The Harvard Crimson (Feb. 19, 2014) has an article entitled “Data on Datamatch.”
Over half of Harvard undergraduates awoke on Valentine’s Day morning to find a personalized list of students with which a Harvard Computer Society algorithm determined they are most compatible. A total of 3,672 students, 2,074 women and 1,598 men, participated this year year’s Datamatch, which 20 years after its founding still uses the same algorithm.
“The pairing is actually pretty complicated,” HCS President William S. Xiao ’16 said. I bet it is.
HCS meets the night before Datamatch results come out to sort all of the questions from the survey into ten personality trait-based categories. Every answer is then plotted based on the traits it tests for.
Questions are then weighted based on the intuition of HCS members, distribution of answers, and the correlation between the answers of survey participants who indicated that they were in a relationship with another participant.
“A lot of people ask if it’s random, and it’s not random,” said Xiao, who added that there is “some secret sauce in it that I can’t reveal.”
Questions for the survey are generated less scientifically. “With the questions we just think about anything that will be funny, and we think about the implications of the questions later,” Xiao said.
Aren’t you glad you did not rely on a Harvard undergraduate’s intuition to find your spouse? I found my spouse at Harvard. And with no help from HCS. In fact I doubt there were many computers on campus. We relied on the Holy Spirit–how old-fashioned! In my new novel GROWING UP WHITE (NY: Harvard Square Editions, 2014) on page 87 I describe the romance of the protagonist which was similar to mine: “Anna and I shared under a Kentucky coffee tree in front of Widener Library. I was in the shadow of one of my lovers and in the arms of another. Later that evening we shared a yellow spread blanket while listening to the Boston Pops at the Hatch Shell near the Charles River. The juxtaposition of the glittering John Hancock Building and the deepening twilight of the Charles River basin added just the right amount of ambiance to create eternal love.
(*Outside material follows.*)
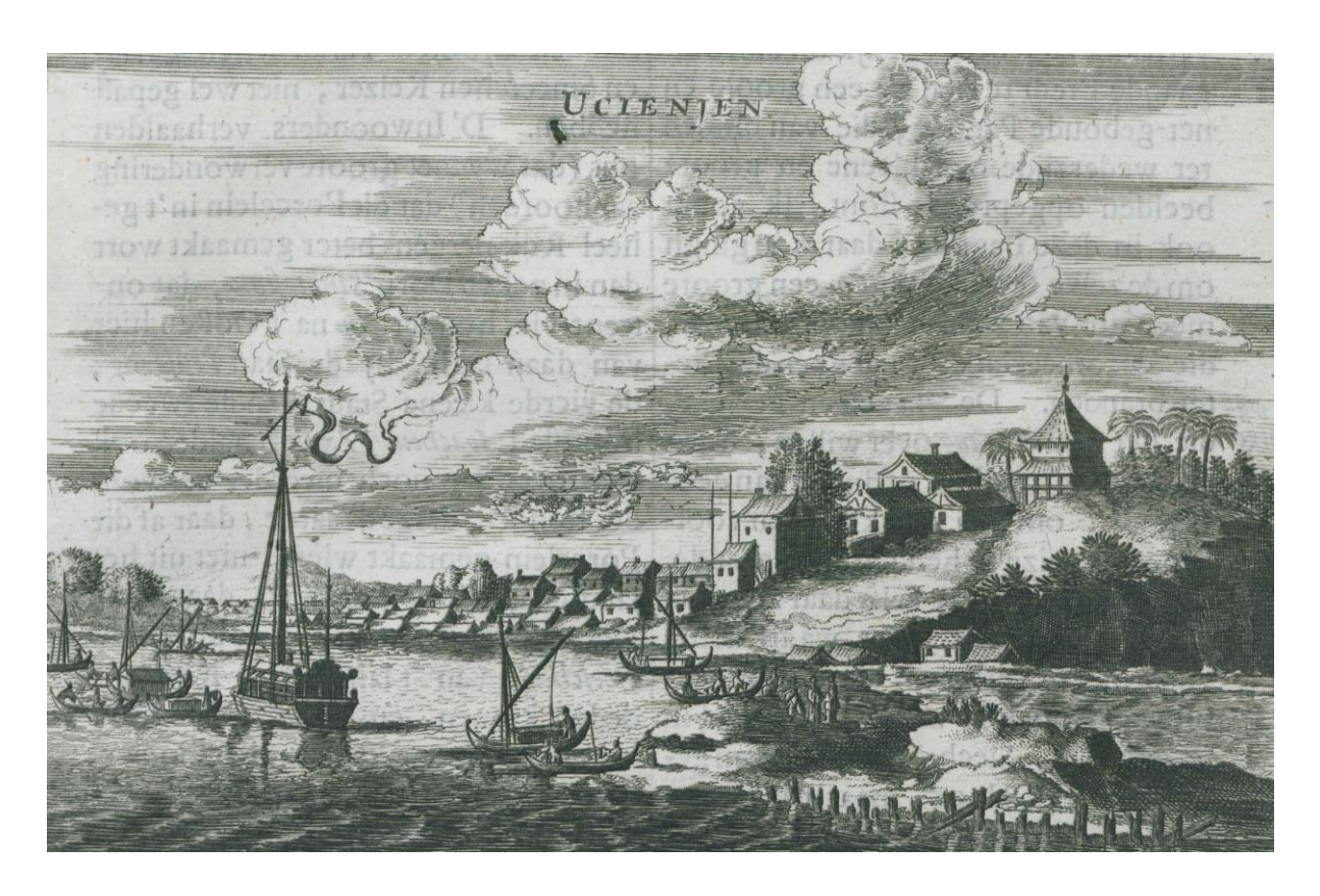
Figure 5. 'Ucienjen'. Engraving from Johan Nieuhof, Het gezantschap der Neêrlandtsche Oost-Indische Compagnie, aan den grooten Tartarischen Cham, den tegenwoordigen keizer van China (Amsterdam: Van Meurs, 1670), p. 89. Held in the Koninklijke Bibliotheek, Den Haag.

The image in Figure 5 is from the 1670 edition of Nieuhof's travel account, as published by the Amsterdam publisher Van Meurs. To the right of the image, we see a hill, populated with several grand buildings with decorated rooves, described in the text as elegant ('cierlijk'). Closer to the water, the illustration features smaller, anonymous-looking buildings that suggest the humbler dwellings of workers or traders. The foreground is entirely taken up by water and water-based activities. One large ship, seen from its stern, has a cabin with several windows and a banner flying from its single mast, perhaps suggesting the mode of transport the Dutch delegation was using. The other vessels are all smaller, though several seem large enough to transport cargo. Throughout the image, there is evidence of human activity, matching the Dutch description of the town as 'neringrijk', a

The next day we quietly contemplated the grace of God and one another in rapture and gratefulness as we stared at each other in the shadow of Revere Beach (p. 87).”
Life is mostly full of ordinary, predictable events, but, ever once in a while, we stumble upon those extraordinary events. The discovery of a spouse. The birth of a child. The end of a sickness. I hope your life is as full of extraordinary time as mine is . . . certainly I owe it all to my loving God–and not to HCS.